_Data shown_
+++++

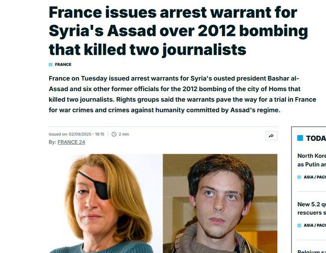 Уточняется, что суд во Франции выдал ордера на арест бывшего президента Сирии и шести бывших высокопоставленных чиновников его администрации, в том числе его брата бывшего главы 4-й сирийской бронетанковой дивизии Махера Асада, начальника разведки Али Мамлюка и бывшего начальника штаба армии Али Аюба.
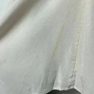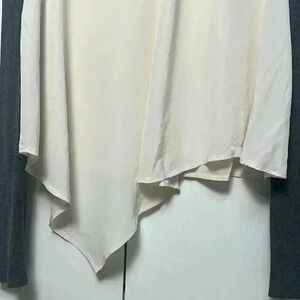 Cream colored silk long sleeve shirt with asymmetrical hem and grey sleeves and collar
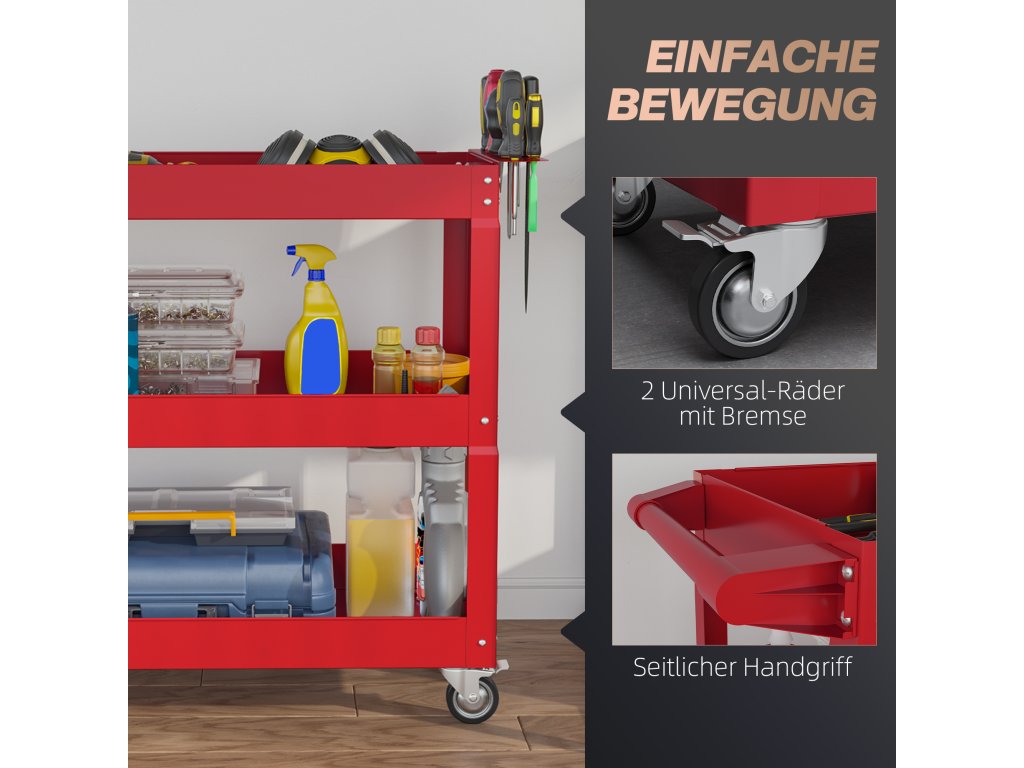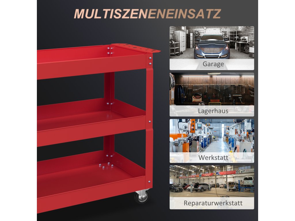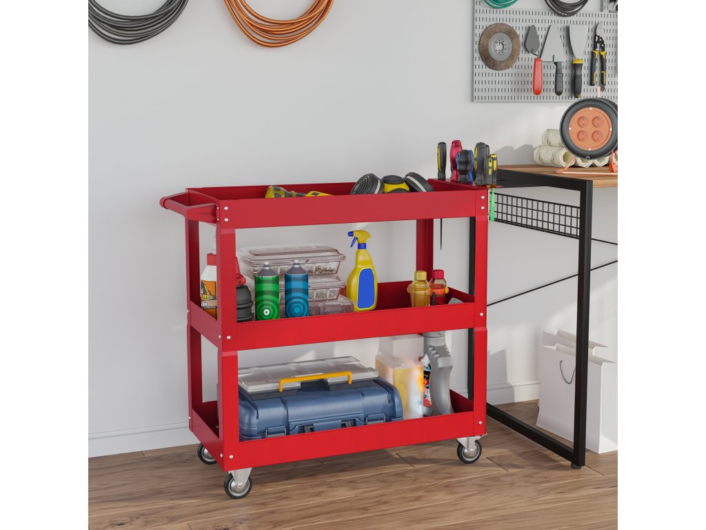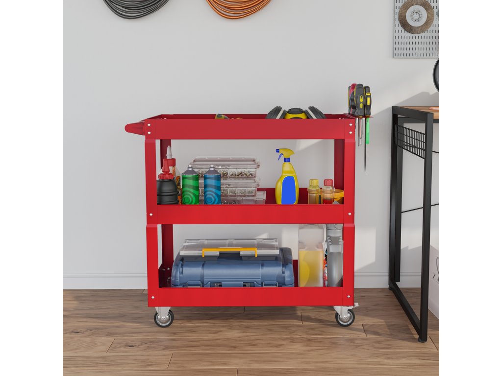 - Všestranné použití: Ať už v garáži, ve skladu, dílně nebo opravně - tento ocelový servisní vozík lze použít kdekoli. Jeho kompaktní konstrukce je obzvláště výhodná pro malé prostory, jako jsou byty, ideální pro uložení knih, nářadí a mnoho dalšího.

+++++

Repeat each line of the material exactly, please, and skip every picture.

_Task output_
 Уточняется, что суд во Франции выдал ордера на арест бывшего президента Сирии и шести бывших высокопоставленных чиновников его администрации, в том числе его брата бывшего главы 4-й сирийской бронетанковой дивизии Махера Асада, начальника разведки Али Мамлюка и бывшего начальника штаба армии Али Аюба.
 Cream colored silk long sleeve shirt with asymmetrical hem and grey sleeves and collar
 - Všestranné použití: Ať už v garáži, ve skladu, dílně nebo opravně - tento ocelový servisní vozík lze použít kdekoli. Jeho kompaktní konstrukce je obzvláště výhodná pro malé prostory, jako jsou byty, ideální pro uložení knih, nářadí a mnoho dalšího.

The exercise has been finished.